Throughout Dean Watson's letter runs the theme of protection--protection of the College's "good name," protection of a group from its own "irresponsible management" or from misrepresentations by non-members. This doctrine of protections is one that deserves careful scrutiny.
The special supplementary rule for new publications provides an example of this philosophy at its worst. The rule states that any group which wishes to begin a new publication, must, in addition to fulfilling the requirements common to all new groups, submit a statement of its "financing, circulation, authorship, contents, and policy to give assurances that it is a Harvard students enterprise and financially responsible." Last December the Council recommended that this extra requirement be deleted on the grounds that it was redundant: there are, in fact, specific rules, elsewhere in the booklet that are entirely sufficient to cover both these potential dangers.
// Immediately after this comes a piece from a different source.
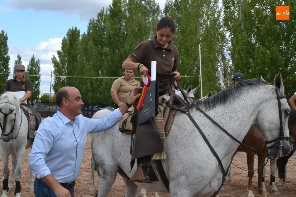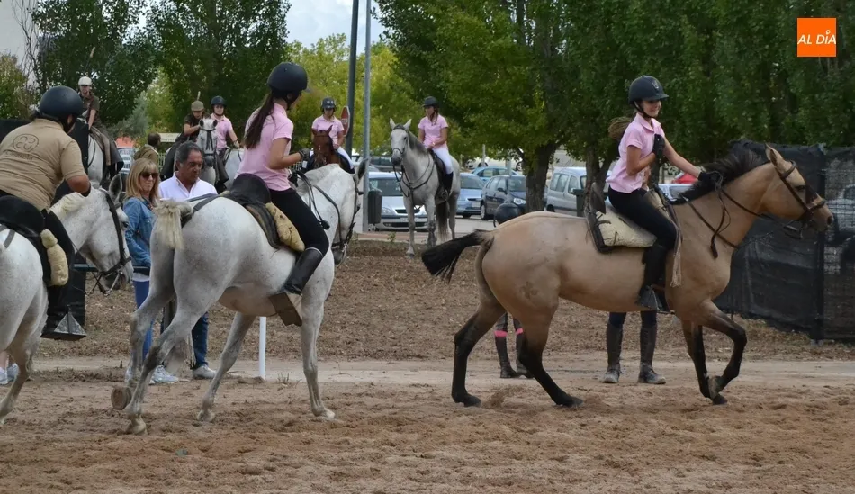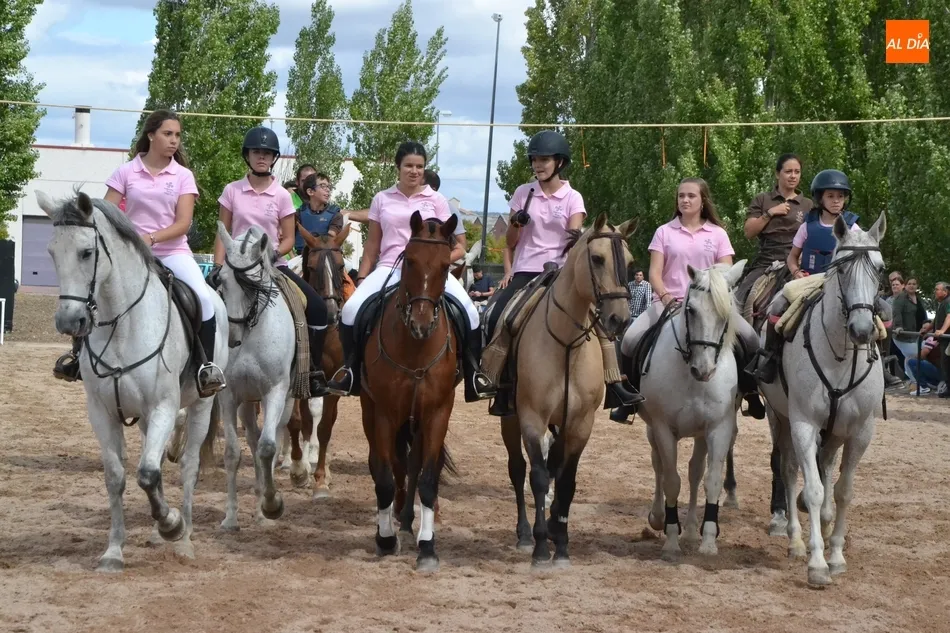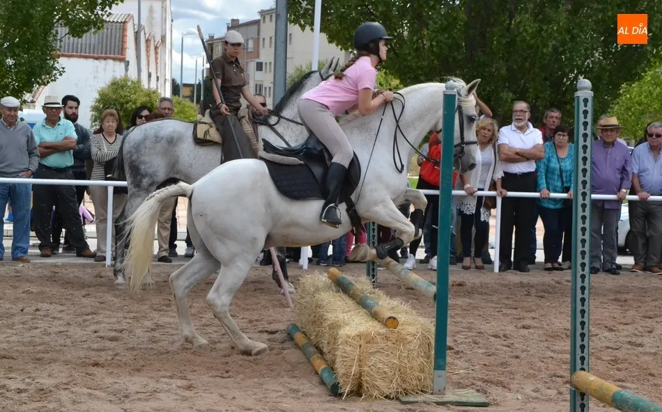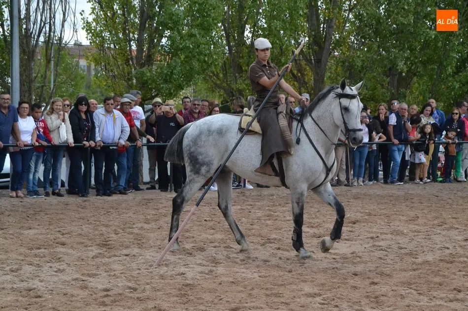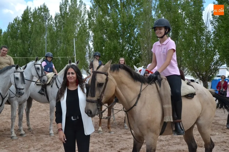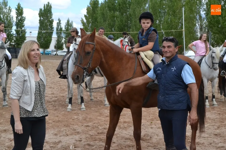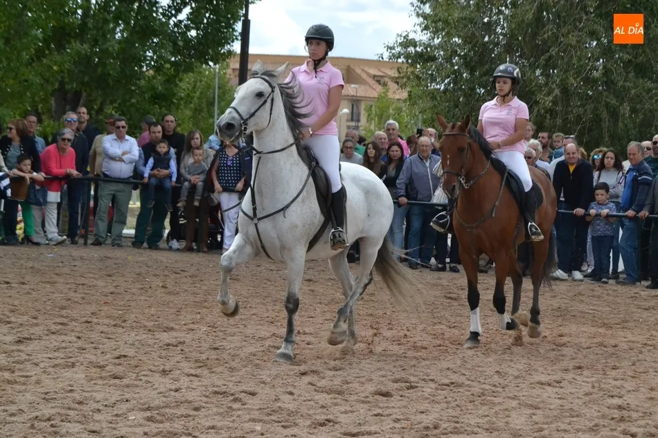 Mientras, en el exterior, la primera cita de la mañana fue una exhibición en la pista de competición de los jinetes y amazonas más jóvenes del Centro Ecuestre Casasola (un total de 11), que fueron saliendo a la pista en dúos o tríos para mostrar sus habilidades saltando, haciendo giros con la garrocha, o simplemente trotando con sus caballos, todo ello bajo la dirección desde la propia pista del máximo responsable del Centro, Juan Luis Montero ?Perita?.

Watson and the Faculty Committee are afraid that outsides powers will dominate the policies of a new publication; but have they considered the very first rule in the booklet? "Recognized organizations must maintain their local autonomy. The criterion for local autonomy shall be whether the college organization make all policy decisions without obligations to any parent organization." Surely this is sufficient? Likewise with the fear that a new publication may be financially irresponsible. There is already an over-vigilant requirement in the administration's own rules stating that, to gain recognition, a new group must submit "reasonable evidence of its ability to meet its financial obligations."
But Watson, in presenting the Committee's case for retaining the publication rule, fails entirely to discuss this point. He adds only one new "argument" that twice since 1940 the Dean's Office has stamped out a publication that seemed to be subject to one or the other of these weaknesses. This calling to mind of past Dean's Office practice does not, of course, prove that this practice was proper; but it does serve to indicate why University Hall is so worried as to want to control new publications more rigidly than other new groups. The specter of the "New Student" and its radical opinions (which did the beautiful name of Harvard no good, presumably) hangs over the new stricter rules for publications.
But this is only one unsatisfactory section of a generally unsatisfactory letter of explanation. It has failed to answer adequately four other Council recommendations--making it optional for organizations to leave their membership lists in the Dean's Office files, allowing outdoor meetings in the Yard, permitting joint meetings with outside groups, and requiring Dean's Office permission for trips outside Cambridge. Furthermore the two most important changes proposed by the Council last December--ending Harvard restrictions on the admission of Radcliffe girls and eliminating the rule requiring evidence of financial soundness from new groups--were ignored altogether.